* **Task goal**: This task calls for the lines below starting at the one containing "内饰方面,两款车都走了豪华舒" and ending at the one containing "Το περιστατικό συνέβη", repeated exactly with both ends kept and pictures left out.

BEGIN Provided material

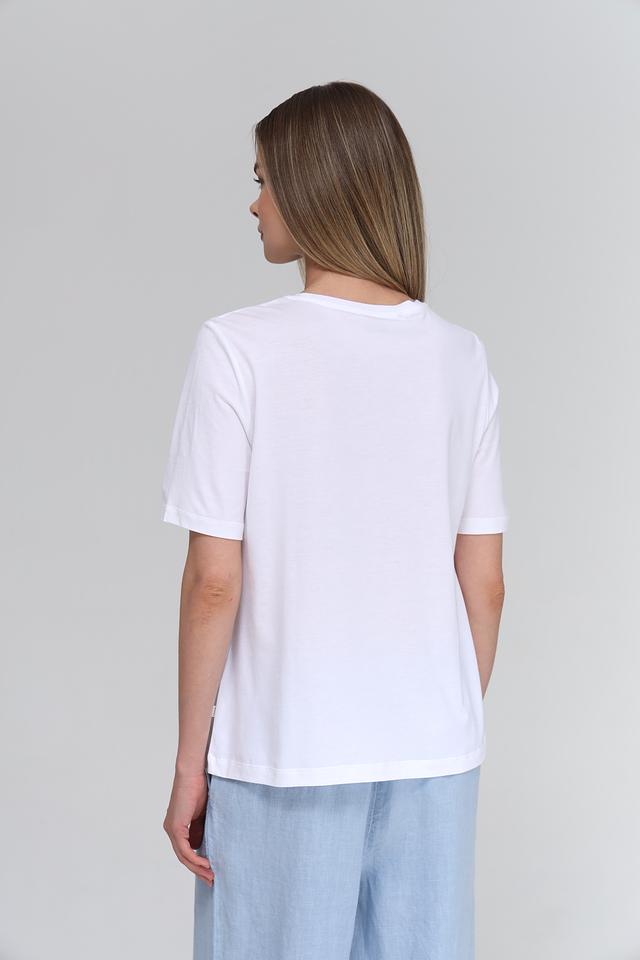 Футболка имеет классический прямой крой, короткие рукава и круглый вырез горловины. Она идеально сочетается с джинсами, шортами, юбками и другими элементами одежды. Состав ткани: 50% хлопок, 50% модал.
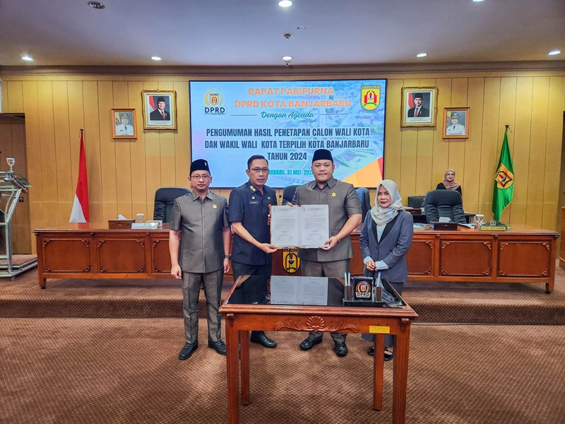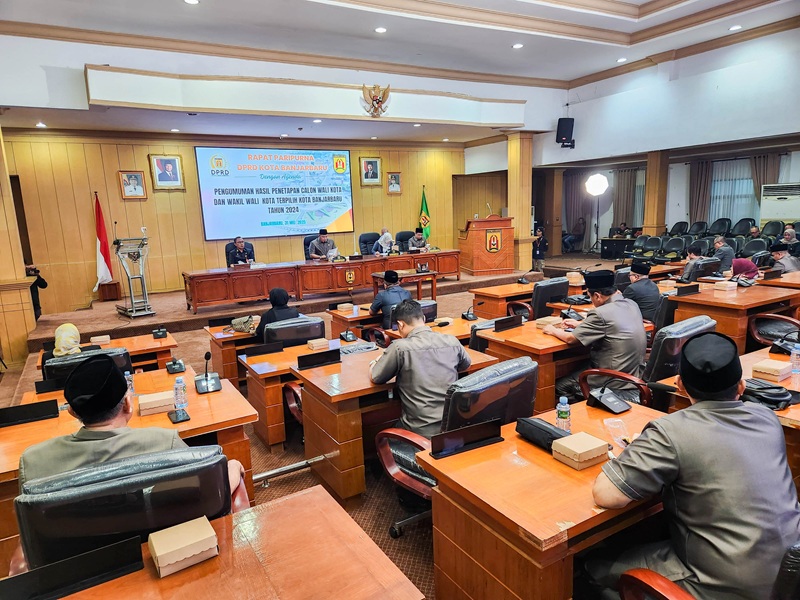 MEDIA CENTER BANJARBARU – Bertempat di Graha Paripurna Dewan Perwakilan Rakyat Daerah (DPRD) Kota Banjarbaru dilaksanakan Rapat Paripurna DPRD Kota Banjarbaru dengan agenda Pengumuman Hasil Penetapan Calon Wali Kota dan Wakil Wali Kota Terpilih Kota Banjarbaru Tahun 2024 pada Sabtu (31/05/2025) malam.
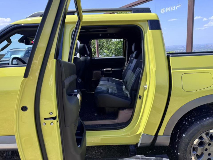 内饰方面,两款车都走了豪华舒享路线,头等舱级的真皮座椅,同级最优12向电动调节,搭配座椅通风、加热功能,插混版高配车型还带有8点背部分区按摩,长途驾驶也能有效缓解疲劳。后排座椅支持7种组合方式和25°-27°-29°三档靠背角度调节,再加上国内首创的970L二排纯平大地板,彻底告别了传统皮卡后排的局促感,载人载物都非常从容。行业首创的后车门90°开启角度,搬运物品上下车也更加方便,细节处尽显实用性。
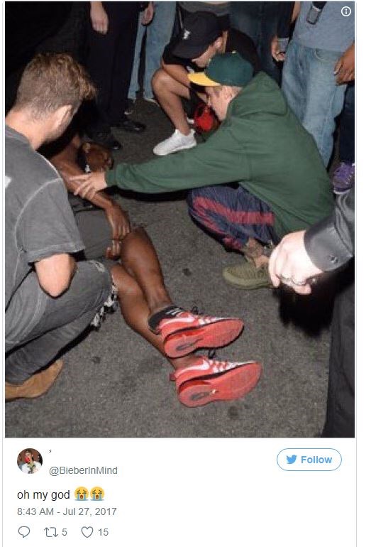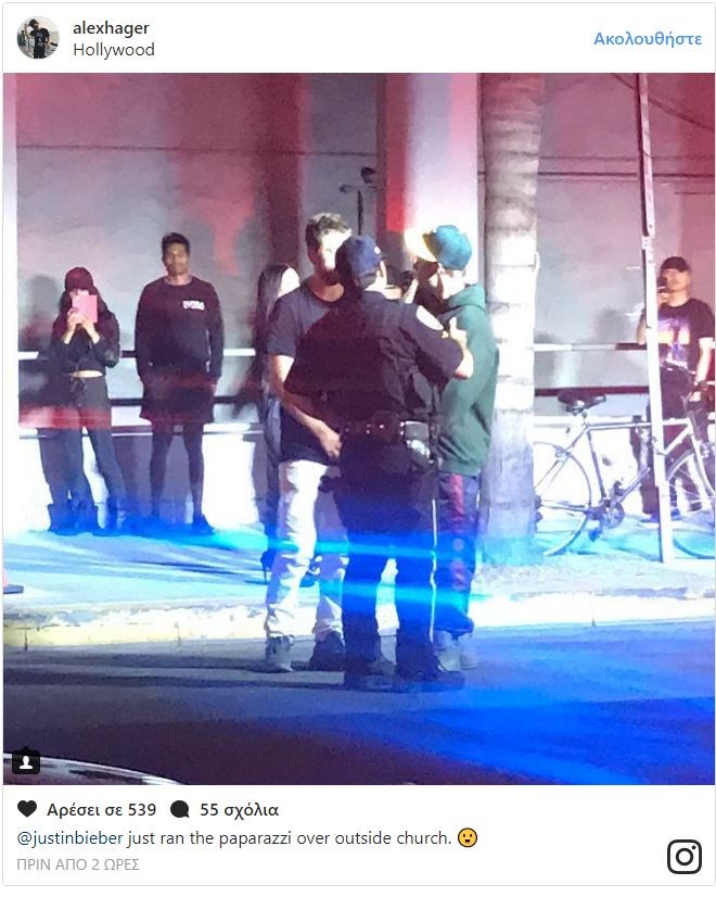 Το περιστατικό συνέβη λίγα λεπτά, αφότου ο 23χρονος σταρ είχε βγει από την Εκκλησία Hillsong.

END Provided material
BEGIN Provided material

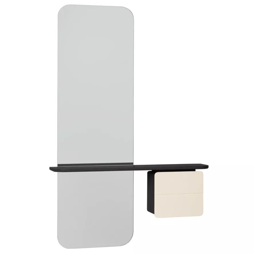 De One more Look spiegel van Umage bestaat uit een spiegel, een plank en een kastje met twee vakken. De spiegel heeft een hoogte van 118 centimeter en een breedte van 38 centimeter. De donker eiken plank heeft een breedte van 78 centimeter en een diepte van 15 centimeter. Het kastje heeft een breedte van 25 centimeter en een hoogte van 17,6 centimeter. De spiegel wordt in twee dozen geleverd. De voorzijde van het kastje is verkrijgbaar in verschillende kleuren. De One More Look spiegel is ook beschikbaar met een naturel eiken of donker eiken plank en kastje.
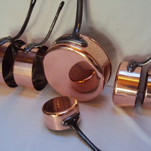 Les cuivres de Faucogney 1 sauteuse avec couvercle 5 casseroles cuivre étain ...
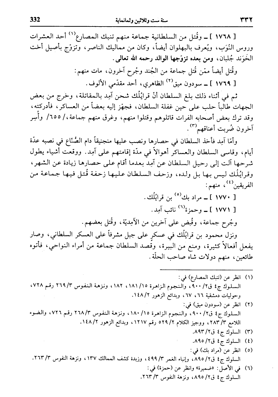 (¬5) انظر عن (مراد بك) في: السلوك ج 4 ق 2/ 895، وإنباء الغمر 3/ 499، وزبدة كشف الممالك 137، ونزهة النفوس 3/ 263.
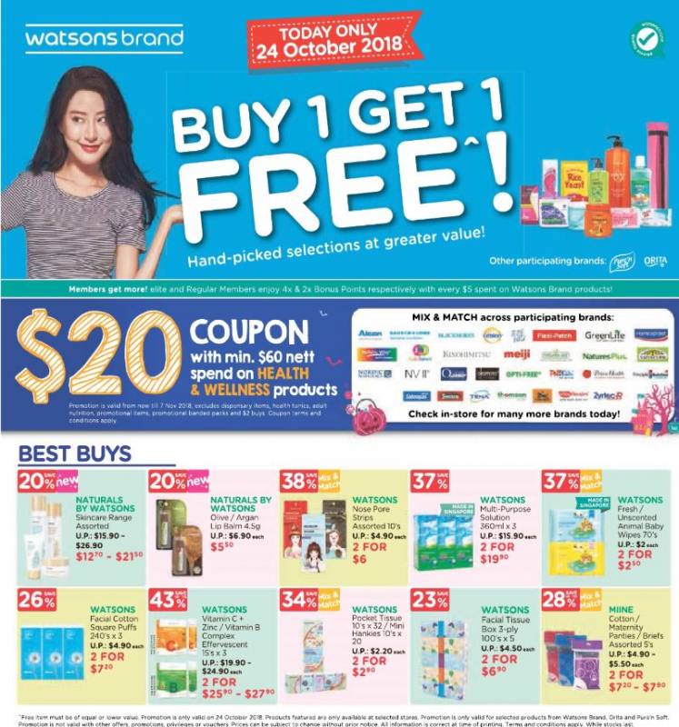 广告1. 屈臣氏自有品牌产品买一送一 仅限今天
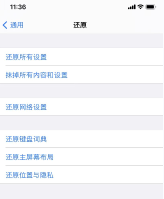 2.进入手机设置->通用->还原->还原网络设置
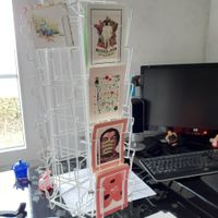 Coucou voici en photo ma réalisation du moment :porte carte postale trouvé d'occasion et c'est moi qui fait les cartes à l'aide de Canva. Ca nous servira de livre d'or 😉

END Provided material
BEGIN Provided material

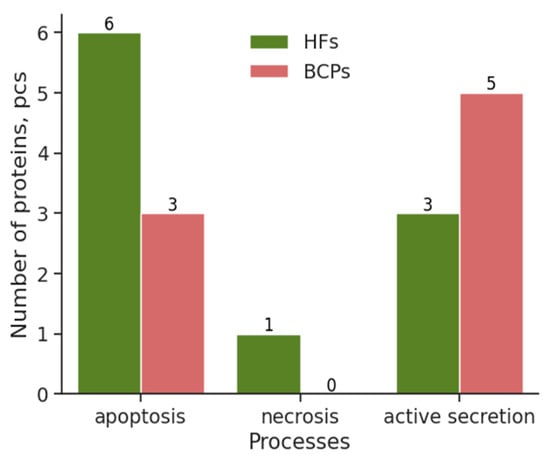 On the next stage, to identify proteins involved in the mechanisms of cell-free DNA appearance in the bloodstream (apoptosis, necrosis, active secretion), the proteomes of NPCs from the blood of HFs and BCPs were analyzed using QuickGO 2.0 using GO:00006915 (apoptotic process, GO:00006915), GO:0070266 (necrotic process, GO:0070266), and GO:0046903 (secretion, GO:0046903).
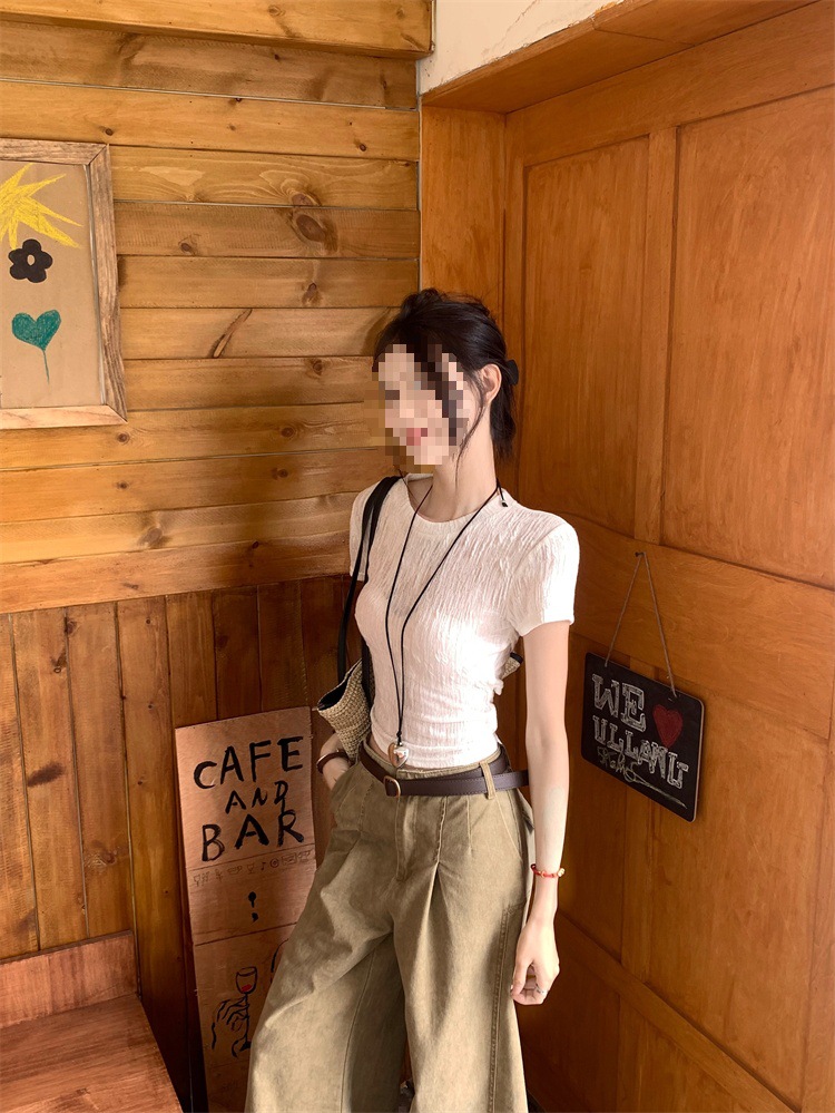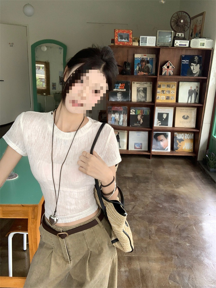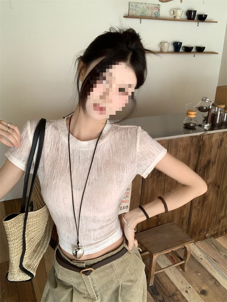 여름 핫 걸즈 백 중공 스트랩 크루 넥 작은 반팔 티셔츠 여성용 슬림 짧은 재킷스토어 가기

END Provided material

* **Result of the exercise**:
 内饰方面,两款车都走了豪华舒享路线,头等舱级的真皮座椅,同级最优12向电动调节,搭配座椅通风、加热功能,插混版高配车型还带有8点背部分区按摩,长途驾驶也能有效缓解疲劳。后排座椅支持7种组合方式和25°-27°-29°三档靠背角度调节,再加上国内首创的970L二排纯平大地板,彻底告别了传统皮卡后排的局促感,载人载物都非常从容。行业首创的后车门90°开启角度,搬运物品上下车也更加方便,细节处尽显实用性。
 Το περιστατικό συνέβη λίγα λεπτά, αφότου ο 23χρονος σταρ είχε βγει από την Εκκλησία Hillsong.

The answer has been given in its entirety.